Back David Tomàs Cuesta wins first prize at the Annual Congress of the Spanish Society of Biomedical Engineering

David Tomàs Cuesta wins first prize at the Annual Congress of the Spanish Society of Biomedical Engineering

As in the previous edition, the scientific committee of the CASEIB has awarded an end-of-degree project by a student of the Polytechnic School. This year, for research into the spatial behaviour of “place cell” neurons in the hippocampus, with the participation of Rubén Moreno Bote, researcher with the Center for Brain and Cognition.

12.12.2017

 

For the second time in a row, on 1 December, the scientific committee of the 35th annual conference of the Spanish Society of Biomedical Engineering (CASEIB 2017), awarded the first prize for scientific contributions by students of Biomedical Engineering, to a student of Pompeu Fabra University (UPF). This time the award has gone to David Tomàs Cuesta and his study: “Towards an ensemble-level view of place encoding in hippocampal neuronal populations”.

David Tomàs Cuesta rebent el guardó CASEIB 2017

The award-winning work corresponds to the research carried out for his end-of-degree project on the bachelor’s degree in  biomedical engineering which was supervised by Rubén Moreno Bote, professor of the studies at the Polytechnic School (ESUP) and researcher at the Center for Brain and Cognition (CBC) of the Department of Information and Communication Technologies (DTIC) at UPF. CASEIB 2017 was held in Bilbao, from 29 November to 1 December, in the Bizkaia Aretoa building of the UPV/EHU.

As Tomàs Cuesta explains, “I conducted the project at the IDIBAPS (August Pi i Sunyer Biomedical Research Institute) in Barcelona with Pablo Jercog, and with the collaboration of UPF professor Rubén Moreno Bote. The work consisted of designing a theoretical framework for processing the records of neuronal activity, through intracellular calcium in moving mice, and investigate how the position of the animal is represented in the environment at the level of neuronal populations, in addition to studying how this representation evolves over time.

The research concentrated on a specific type of neurons of the hippocampus: place cells

In the hippocampus, a brain structure common to humans and other vertebrates, there are some nerve cells known as “place cells” that are activated when an individual is located in a particular place in their immediate environment. One of the goals of the study was to investigate the underlying neural space code, that is to say, to find out how the position of the animal is represented in these neurons, and how this representation evolves over time.

With traditional electrophysiology techniques it is not possible to record the activity of a large number of neurons at the same time. Thanks to the recent emergence of methods based on the detection of intracellular calcium, it is possible to follow the electrical dynamics of cells by means of genetically-encoded fluorescent detectors via the technique of transfection with viral vectors, “the result is that we can record the fluorescence of the film and thus follow the neuronal activity of hundreds of place cells of a piece of tissue from the hippocampus. As this is all fairly new, there are still no standards or consensuses in the community on how to do this monitoring”, says David Tomàs.

 

Predicting the spatial position of the mouse on the basis of neuronal activity

“My work was mainly to put together a series of techniques and innovations to extract the individual activities of place cells, based on the fluorescence records of the electrical activity of the intracellular calcium ion. Broadly speaking, it consisted of; recording the frames to correct for movement, applying image processing techniques to remove the backlight, exploring different methods to extract the neurons, developing automatic and manual methods to filter the neurons extracted, removing the traces of calcium and finding the underlying electrical activity, and finally aligning the neurons of data obtained on different days”, says the author of the work.
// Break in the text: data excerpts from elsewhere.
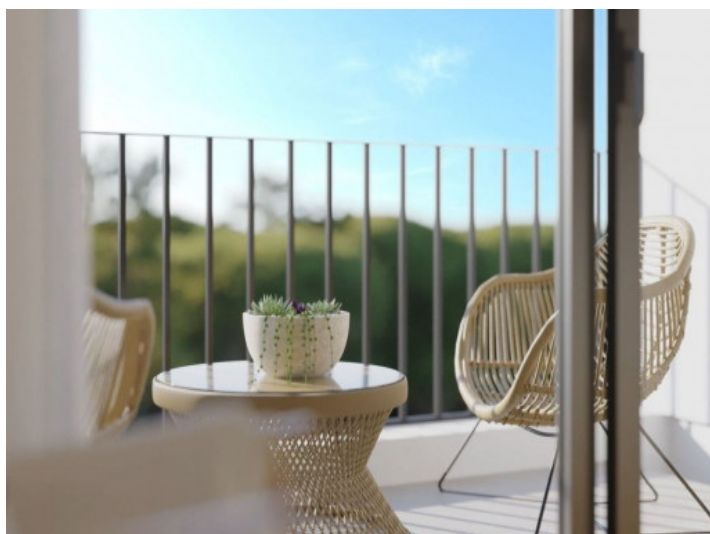
View to the balcony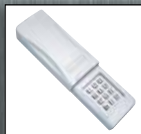
Wireless Keypad with Sliding Cover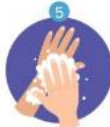
BACK OF HANDS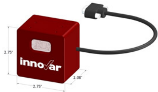
Custom IP52-rated packaging of Microscan MS-2D Engine with serial communication capability.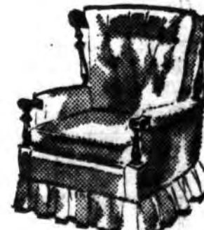
Early American Barrel-Shaped Swivel Rocker $99.00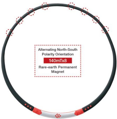
Magnet arrangement image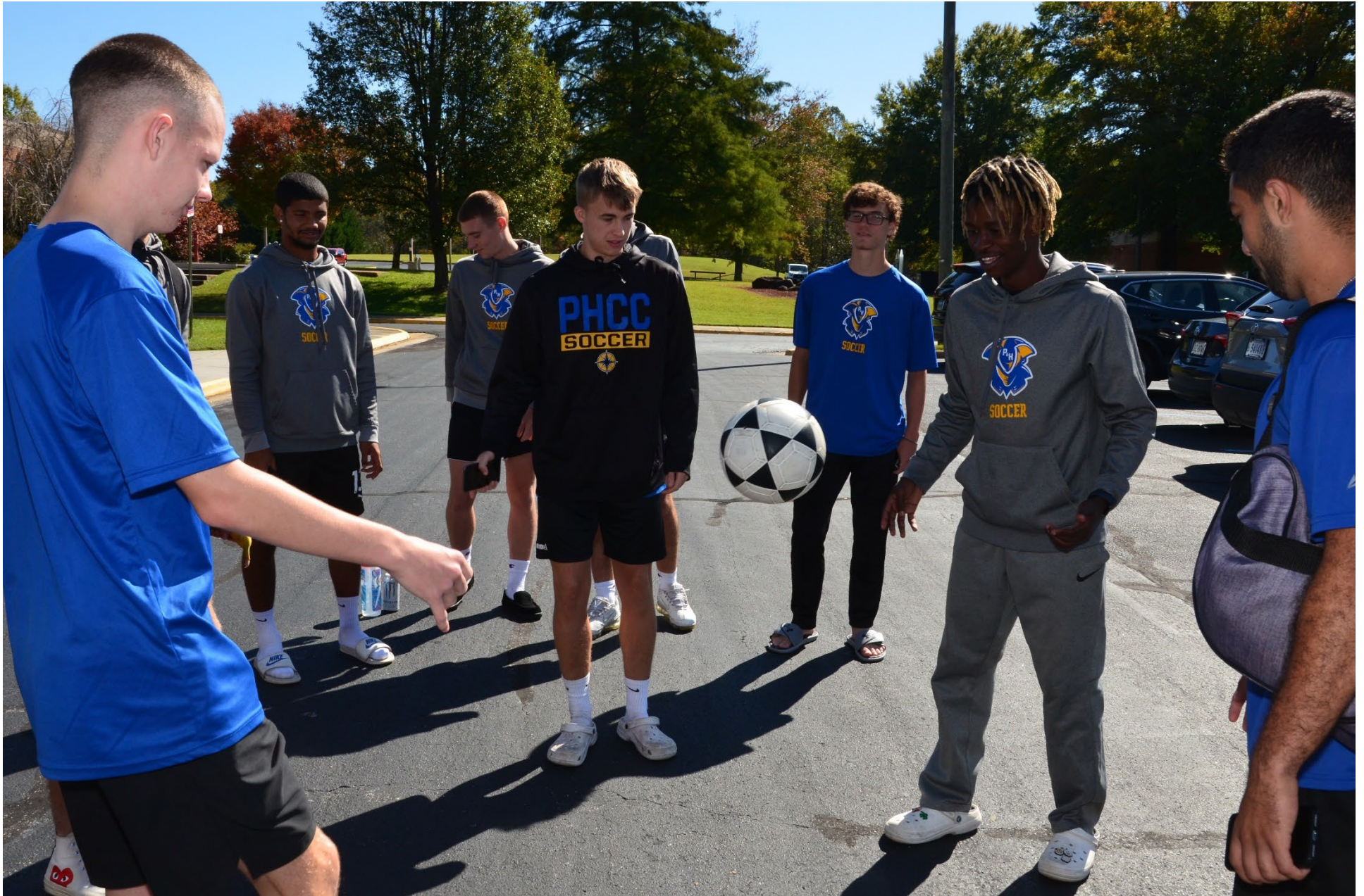
SOCCER FEAT: Members of Patrick & Henry's NJCAA Region X Division II Men's soccer team get a little footwork practice in before the homecoming pep rally.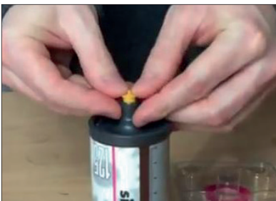
Insert the yellow non-return valve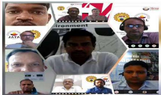
[Eminent Speakers- ATAL FDP]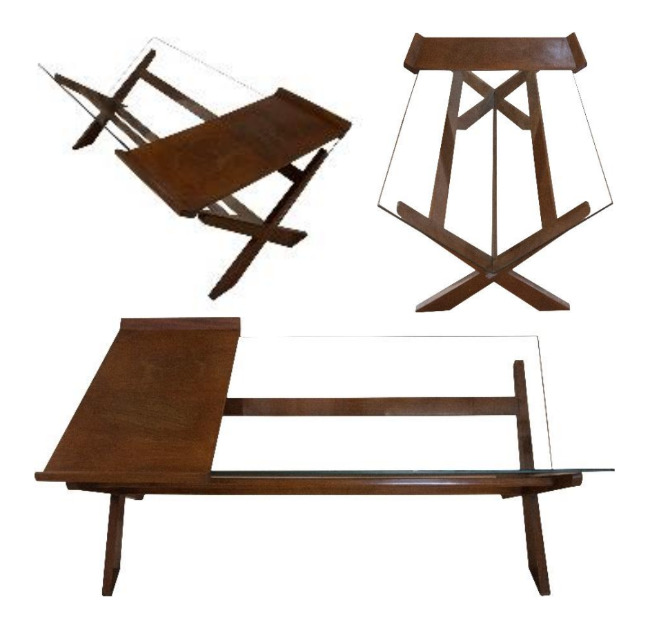
Figure 2. Grand National Assembly of Turkey, newspaper stand and coffee table, inspired by the "rahle" (holy book holder in Islam), 1960s, designed by Gazanfer Erim; in (Tuna Ultav, Z., Hasırcı, D., Borvalı, S., & Atmaca, H., 2016; DATUMM).

the hardships and challenges that the war had brought (Hasirci and Tuna Ultav, 2019). Atatürk, wished the third GNAT building (to be completed and opened in 1961), to reflect the ideals of a modern, secular, and powerful nation, and the finely crafted main building that still houses interior components drawn at the 1/1 detail scale successfully fulfill this aim. The interiors of the GNAT followed this ambition and could be defined as modern in its truest sense, being designed through a competition, having selected the best of modern Turkish interior designers, artists, and architects of the day. Carrying both cultural qualities and international style features, the interiors and furniture showcase an interpretation of modernist features as well as, for instance, making use of traditional kilim patterns on the walls, utilizing local textures on the floors as inspiration, and using the religious "rahle" (holy book holder in Islam) (Figure 2).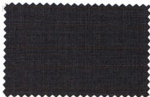
624 - 125 / 800 100% Wool 150cm 260g Charcoal / Tan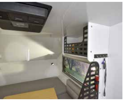
Euro-Ply™ cabinetry and interior walls are thick, lightweight and do not contain formaldehyde or "offgas" like many other RVs. No facia board or thin trim. Go ahead and give it a knock!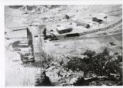
Dragon Mine near Dragon, Utah (1987.39.4)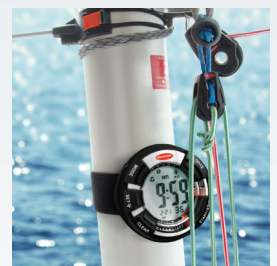
Mast mounting option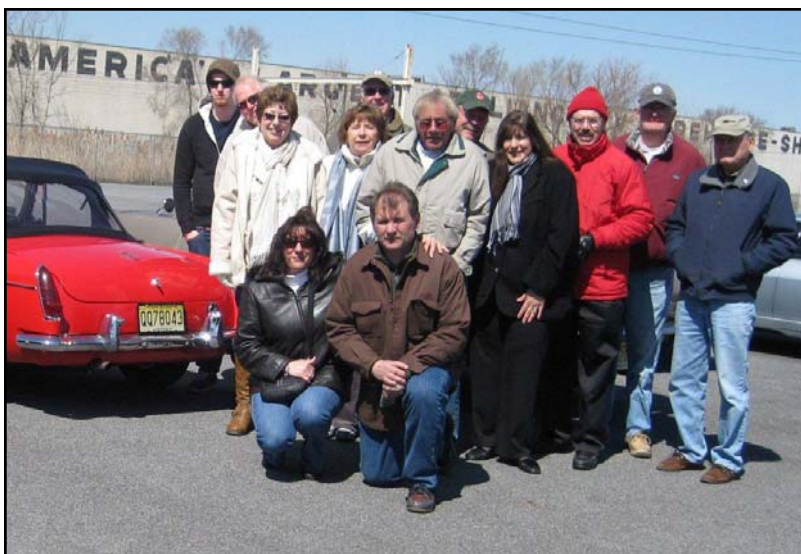
PEDCers pose for perfect picture.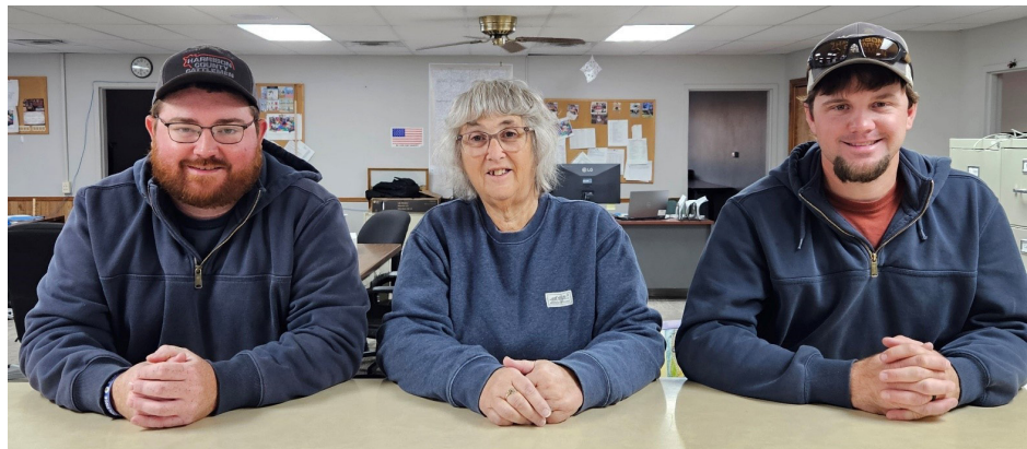
Harrison County Staff

The district frequently measures drainage areas for road tubes for the county road and bridge crews.

And he continues, “once we had the individual activities of the place cells, we validated the conceptual framework achieved by means of a decoder to predict the position of the mouse based on its neuronal activity. That’s why I programmed a tracker to track the animal with which we saw that, sure enough, we were able to predict this position on the basis of the joint activity of all place cell neurons as well as estimate their evolution in time”.

Reference work:

David Tomàs Cuesta, Pablo Jercog (2017), “Towards an ensemble-level view of place encoding in hippocampal neuronal populations”, CASEIB, 29 November to 1 December, Bizkaia Aretoa, UPV/EHU, Bilbao.